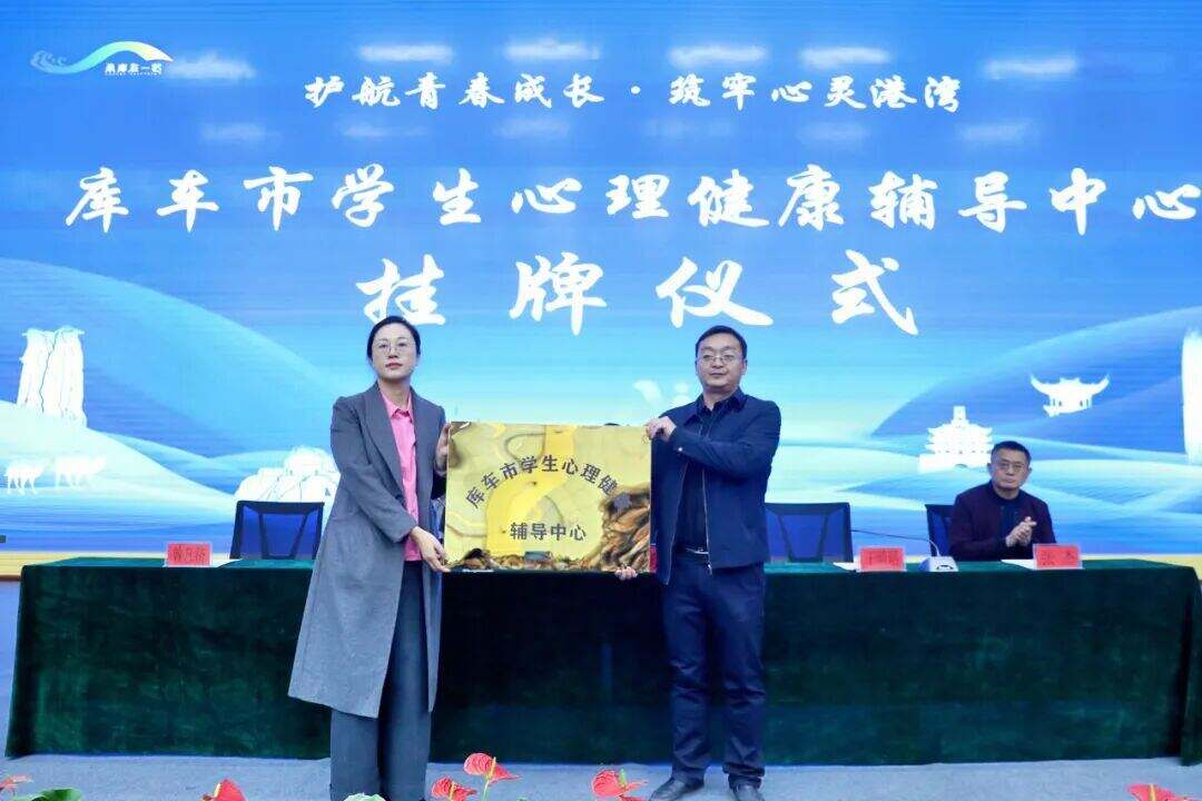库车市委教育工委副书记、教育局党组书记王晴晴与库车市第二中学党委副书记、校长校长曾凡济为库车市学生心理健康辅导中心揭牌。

------------------------------------------------------------

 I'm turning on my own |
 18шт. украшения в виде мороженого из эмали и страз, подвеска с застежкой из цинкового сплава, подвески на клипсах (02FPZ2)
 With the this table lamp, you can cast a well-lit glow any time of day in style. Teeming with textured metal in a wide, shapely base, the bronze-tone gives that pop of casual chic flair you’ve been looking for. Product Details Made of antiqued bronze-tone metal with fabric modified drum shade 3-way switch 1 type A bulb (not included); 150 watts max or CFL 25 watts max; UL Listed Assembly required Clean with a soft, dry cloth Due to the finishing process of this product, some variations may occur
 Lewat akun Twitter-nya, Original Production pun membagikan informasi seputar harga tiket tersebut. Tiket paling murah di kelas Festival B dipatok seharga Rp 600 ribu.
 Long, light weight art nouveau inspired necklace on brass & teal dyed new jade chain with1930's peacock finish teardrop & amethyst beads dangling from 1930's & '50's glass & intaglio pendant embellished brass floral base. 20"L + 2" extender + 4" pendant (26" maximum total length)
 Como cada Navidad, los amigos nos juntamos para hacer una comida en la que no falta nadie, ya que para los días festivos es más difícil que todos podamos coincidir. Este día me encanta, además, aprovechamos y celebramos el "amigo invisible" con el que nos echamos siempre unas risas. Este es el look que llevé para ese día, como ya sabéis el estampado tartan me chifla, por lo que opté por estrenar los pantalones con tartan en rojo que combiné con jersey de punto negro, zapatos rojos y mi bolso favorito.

------------------------------------------------------------

## Directions for this task
Please go through the data above and copy every line that has the word "base".

## Expected answer
 With the this table lamp, you can cast a well-lit glow any time of day in style. Teeming with textured metal in a wide, shapely base, the bronze-tone gives that pop of casual chic flair you’ve been looking for. Product Details Made of antiqued bronze-tone metal with fabric modified drum shade 3-way switch 1 type A bulb (not included); 150 watts max or CFL 25 watts max; UL Listed Assembly required Clean with a soft, dry cloth Due to the finishing process of this product, some variations may occur
 Long, light weight art nouveau inspired necklace on brass & teal dyed new jade chain with1930's peacock finish teardrop & amethyst beads dangling from 1930's & '50's glass & intaglio pendant embellished brass floral base. 20"L + 2" extender + 4" pendant (26" maximum total length)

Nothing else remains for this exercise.